## Collected material
=== Section Start ===

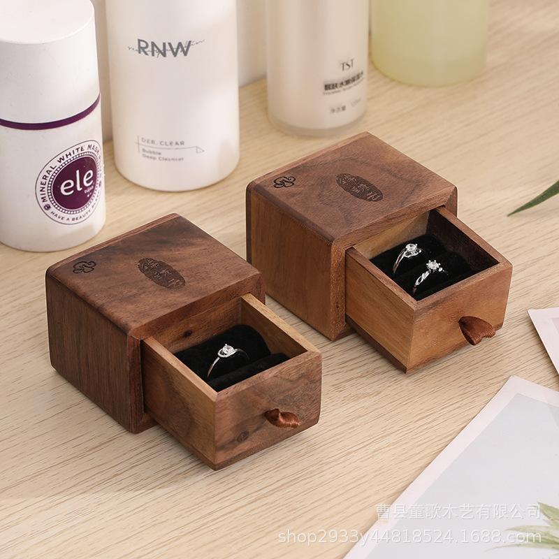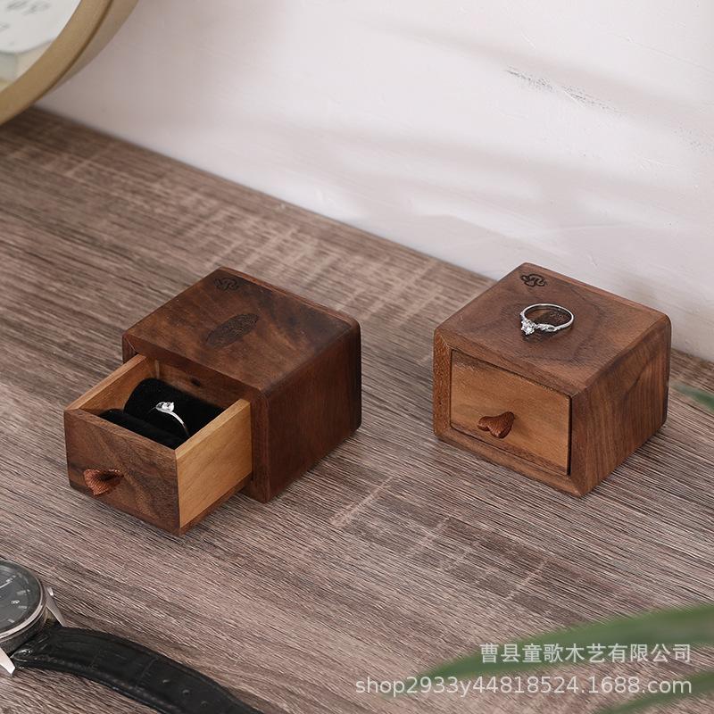 Caja para Anillos de Nogal Negro Retro Caja para Aretes Collar Caja de Almacenamiento Deslizante Organizador de Joyería Portátil a Prueba de Polvo Caja de Madera
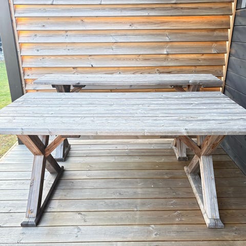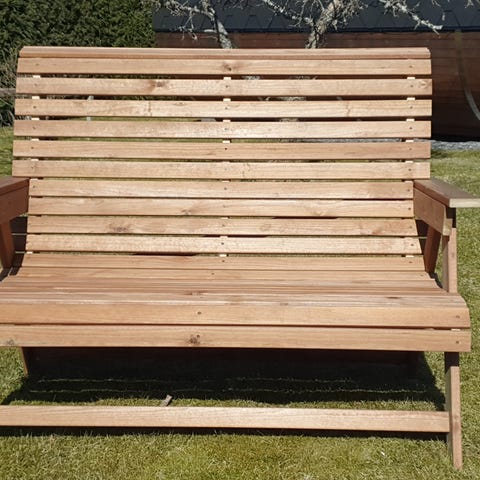 Puutarhakalustesetti, johon kuuluu kahden hengen puinen penkki integroidulla pöydällä. Penkissä on kaksi erillistä istuinpaikkaa käsinojilla sekä väliin sijoitettu pöytätaso, jossa on reikä mahdolliselle aurinkovarjolle. Materiaalina on ruskeaksi käsitelty puu, joka soveltuu ulkokäyttöön esimerkiksi terassille tai parvekkeelle.
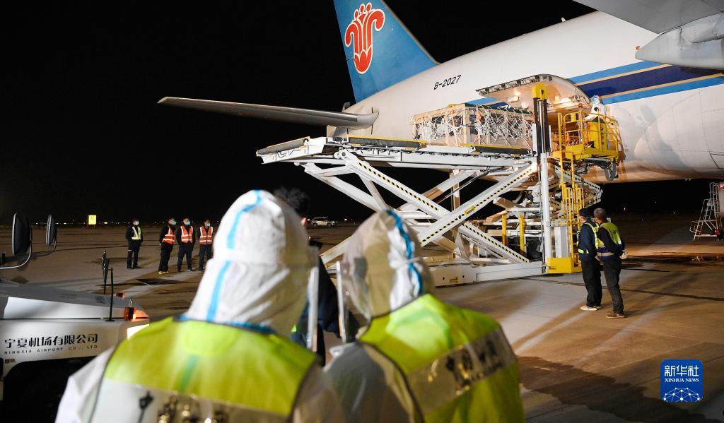 銀川海關(guān)及銀川河?xùn)|國際機(jī)場工作人員對種羊進(jìn)行檢疫、消殺、轉(zhuǎn)運(2月22日攝)。
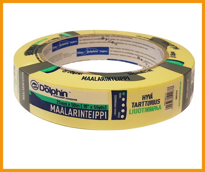 Blue Dolphin MT-6273 on yleiskäyttöön tarkoitettu maalarinteippi kumiliimalla. Hyvin kiinnittyvä teippi on helppo irrottaa ilman liimajäänteitä vielä kolmen vuorokauden kuluttua.Mitat: 19 mm x 50 m

=== Section End ===

## Goal of the exercise
The required response consists solely of the lines from the line containing "Puutarhakalustesetti, johon kuuluu" through the end of the listing, both ends included, copied exactly without pictures.

## Response to this exercise
 Puutarhakalustesetti, johon kuuluu kahden hengen puinen penkki integroidulla pöydällä. Penkissä on kaksi erillistä istuinpaikkaa käsinojilla sekä väliin sijoitettu pöytätaso, jossa on reikä mahdolliselle aurinkovarjolle. Materiaalina on ruskeaksi käsitelty puu, joka soveltuu ulkokäyttöön esimerkiksi terassille tai parvekkeelle.
 銀川海關(guān)及銀川河?xùn)|國際機(jī)場工作人員對種羊進(jìn)行檢疫、消殺、轉(zhuǎn)運(2月22日攝)。
 Blue Dolphin MT-6273 on yleiskäyttöön tarkoitettu maalarinteippi kumiliimalla. Hyvin kiinnittyvä teippi on helppo irrottaa ilman liimajäänteitä vielä kolmen vuorokauden kuluttua.Mitat: 19 mm x 50 m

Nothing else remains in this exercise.